注意,优化器如何完全消除了第一和第二个查询中的不同,但不是群组。

遗憾的是在这些情况下,由于子查询中发生了不同的消除("视图" ),因此该信息不存在于优化器轨迹中,就像问题中的原始查询一样。 所以现在我们知道不同的和群体的确实不同,让我们回到问题1。

在下一个帖子中继续...

(两个答案一起超过30000个字符的限制。)

 

Output is from a 11.2.0.4.6 Enterprise Edition database on Oracle Linux 7.1 x86-64 platform.

Lets start with question 2 and an easy example.

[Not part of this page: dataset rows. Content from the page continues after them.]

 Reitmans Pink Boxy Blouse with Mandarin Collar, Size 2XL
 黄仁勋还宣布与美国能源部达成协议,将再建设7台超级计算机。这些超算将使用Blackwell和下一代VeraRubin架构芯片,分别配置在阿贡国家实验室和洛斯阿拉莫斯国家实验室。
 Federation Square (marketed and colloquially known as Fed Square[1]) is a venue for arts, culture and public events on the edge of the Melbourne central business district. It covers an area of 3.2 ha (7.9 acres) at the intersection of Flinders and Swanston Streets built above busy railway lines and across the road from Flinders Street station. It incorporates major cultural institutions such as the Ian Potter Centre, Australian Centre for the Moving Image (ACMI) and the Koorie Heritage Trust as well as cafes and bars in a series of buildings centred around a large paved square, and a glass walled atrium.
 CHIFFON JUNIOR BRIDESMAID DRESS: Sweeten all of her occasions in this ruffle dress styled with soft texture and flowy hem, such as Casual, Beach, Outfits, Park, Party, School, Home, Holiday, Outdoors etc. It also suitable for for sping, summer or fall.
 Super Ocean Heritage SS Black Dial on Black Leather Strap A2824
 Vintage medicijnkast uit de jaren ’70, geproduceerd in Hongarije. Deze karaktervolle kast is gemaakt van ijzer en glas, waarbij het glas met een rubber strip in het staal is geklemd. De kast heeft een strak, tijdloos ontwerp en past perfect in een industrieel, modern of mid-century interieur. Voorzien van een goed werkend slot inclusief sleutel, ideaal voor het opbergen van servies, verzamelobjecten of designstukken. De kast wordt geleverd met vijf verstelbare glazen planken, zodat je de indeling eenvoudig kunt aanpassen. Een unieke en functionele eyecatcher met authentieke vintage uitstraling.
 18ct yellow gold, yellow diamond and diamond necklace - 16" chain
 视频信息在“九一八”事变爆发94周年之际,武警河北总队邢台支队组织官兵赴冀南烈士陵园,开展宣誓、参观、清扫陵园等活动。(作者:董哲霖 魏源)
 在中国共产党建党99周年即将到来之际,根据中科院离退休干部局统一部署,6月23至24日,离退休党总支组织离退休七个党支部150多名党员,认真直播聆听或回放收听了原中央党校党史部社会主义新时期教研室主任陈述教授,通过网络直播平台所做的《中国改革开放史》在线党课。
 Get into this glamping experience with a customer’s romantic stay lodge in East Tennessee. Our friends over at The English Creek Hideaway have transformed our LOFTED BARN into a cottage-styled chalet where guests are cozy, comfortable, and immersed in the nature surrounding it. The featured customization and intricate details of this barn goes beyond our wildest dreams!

DISTINCT and GROUP BY are handled differently: the optimizer is able to completely eliminate a DISTINCT under certain circumstances, but it can not do the same with GROUP BY. Here is an example:

create table t4 as select rownum product_id from dual connect by rownum<=5;  exec dbms_stats.gather_table_stats(user, 'T4');  alter session set statistics_level=all; 

Note that setting statistics_level to ALL significantly increases the execution time for the original queries in the question.

The 2 queries will be:

select distinct product_id from t4  Plan hash value: 641655586  ------------------------------------------------------------------------------------------------------------------- | Id  | Operation          | Name | Starts | E-Rows | Cost (%CPU)| A-Rows |   A-Time   |  OMem |  1Mem | Used-Mem | ------------------------------------------------------------------------------------------------------------------- |   0 | SELECT STATEMENT   |      |      1 |        |     4 (100)|      5 |00:00:00.01 |       |       |          | |   1 |  HASH UNIQUE       |      |      1 |      5 |     4  (25)|      5 |00:00:00.01 |  2441K|  2441K| 1503K (0)| |   2 |   TABLE ACCESS FULL| T4   |      1 |      5 |     3   (0)|      5 |00:00:00.01 |       |       |          | -------------------------------------------------------------------------------------------------------------------  select product_id from t4 group by product_id  Plan hash value: 581042373  ------------------------------------------------------------------------------------------------------------------- | Id  | Operation          | Name | Starts | E-Rows | Cost (%CPU)| A-Rows |   A-Time   |  OMem |  1Mem | Used-Mem | ------------------------------------------------------------------------------------------------------------------- |   0 | SELECT STATEMENT   |      |      1 |        |     4 (100)|      5 |00:00:00.01 |       |       |          | |   1 |  HASH GROUP BY     |      |      1 |      5 |     4  (25)|      5 |00:00:00.01 |  2441K|  2441K|  863K (0)| |   2 |   TABLE ACCESS FULL| T4   |      1 |      5 |     3   (0)|      5 |00:00:00.01 |       |       |          | ------------------------------------------------------------------------------------------------------------------- 

This is what we expect. Full table scan and HASH UNIQUE for DISTINCT, HASH GROUP BY for GROUP BY. Now add a NOT NULL constraint and an index.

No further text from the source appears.